From 6 September, shoppers will be able to tap their smartphones on organic products in selected As Nature Intended stores to instantly retrieve the product’s complete supply chain journey.

The scheme uses Near Field Communications (NFC) technology, the same used to tap public transit passes like the Oyster card. This means the information of a product’s journey and exactly what it means to be certified organic will be accessible to shoppers with NFC-enabled smartphones, with no app required.

Linking Provenance’s blockchain design with Soil Association Certification’s databases, a product’s journey enters the blockchain in real time.

Shoppers are able to see information including the certification’s validity, the organic criteria met by the product, a map of its journey, and even photographs from the farm.

Jessi Baker, CEO and founder of Provenance, said: “We're excited to be working with Soil Association Certification to create the world’s first digital certification mark, with key verified data and batches of product stored on the blockchain.

“Provenance exists to help us all be able to shop with confidence knowing we are buying authentic food that matches our values.
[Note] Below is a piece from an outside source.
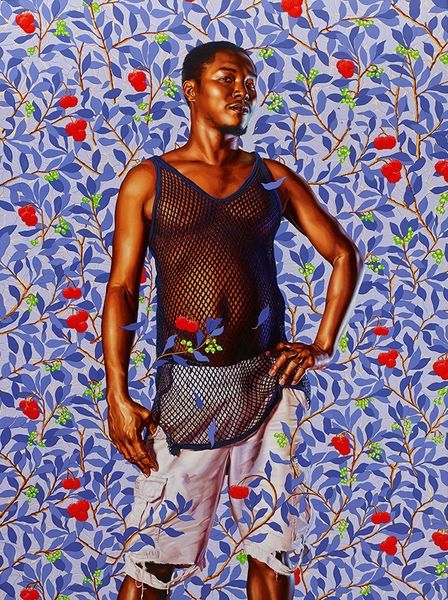 Kehinde Wiley painted this piece, ‘Saint John The Baptist In The Wilderness’, using a high gloss oil paint, in his signature colourful style. The piece has such a distinctive approach to mark making, because the artist wants us to understand artmaking as a process; as something which is constructed and which has its own rules. I find myself drawn to the surface of this piece. The paint is smooth, not thick, but it’s also incredibly saturated and opaque. It's an assertive surface! I love how the colours almost vibrate against one another, pushing and pulling our perception. And then you notice these meandering leaves and you realize that the background is actually very intricate! The figure stands confidently against this vibrant pattern, the geometry of their top and dress is echoed and subverted by the organic chaos of the floral background. Thinking about this, I'm reminded of someone like Elizabeth Murray. This piece embraces ambiguity and multiple interpretations over any kind of fixed meaning.
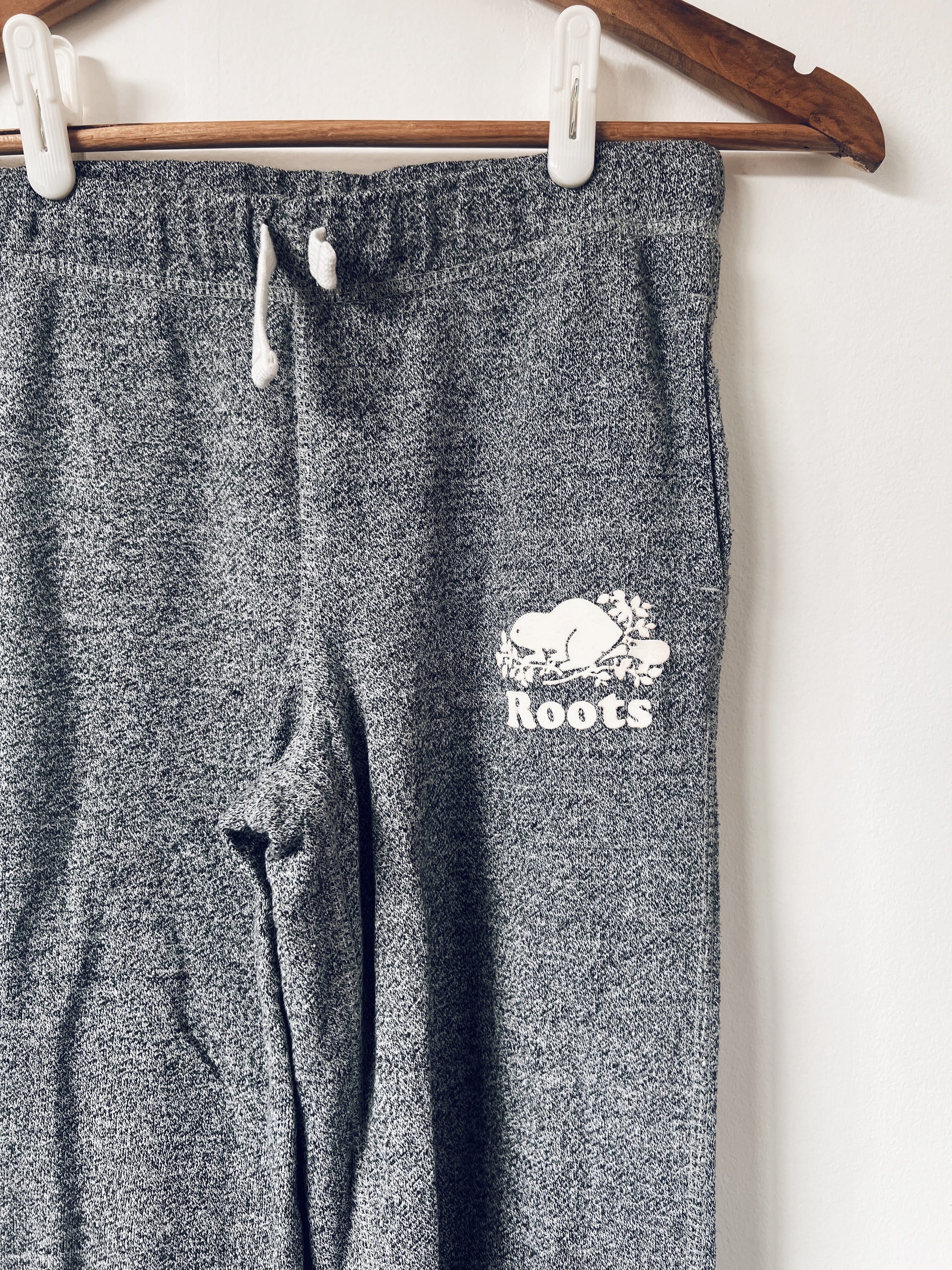 Classic grey salt and pepper sweatpants. Roots logo on the front, “ROOTS” on the bum. Drawstring and secret pocket on waist. Pockets on sides. Coooomfy.

Our tech brings an easy, secure and trustworthy digital dimension to our food and drinks.”  

The pilot between Soil Association Certification and Provenance is a first for certification programmes in the UK. It builds on the findings from research carried out by Soil Association Certification that identified trust and transparency in supply chains as fundamental to future food shopping for consumers.

In the UK, shoppers are starting to make their voices heard around the issue. Some 70 per cent of respondents in a recent Morrison’s survey objected to fake farm labels and eight out of ten respondents to a QA Research study expressed their desire to know which farm system has been used to produce their meat and dairy products. 

The pilot will initially apply to packs of Eversfield Organics Roam & Relish bacon, continuing until supplies of the specially tagged products run out. Following these initial trials, Soil Association Certification will look to promote the system to other brands and retailers.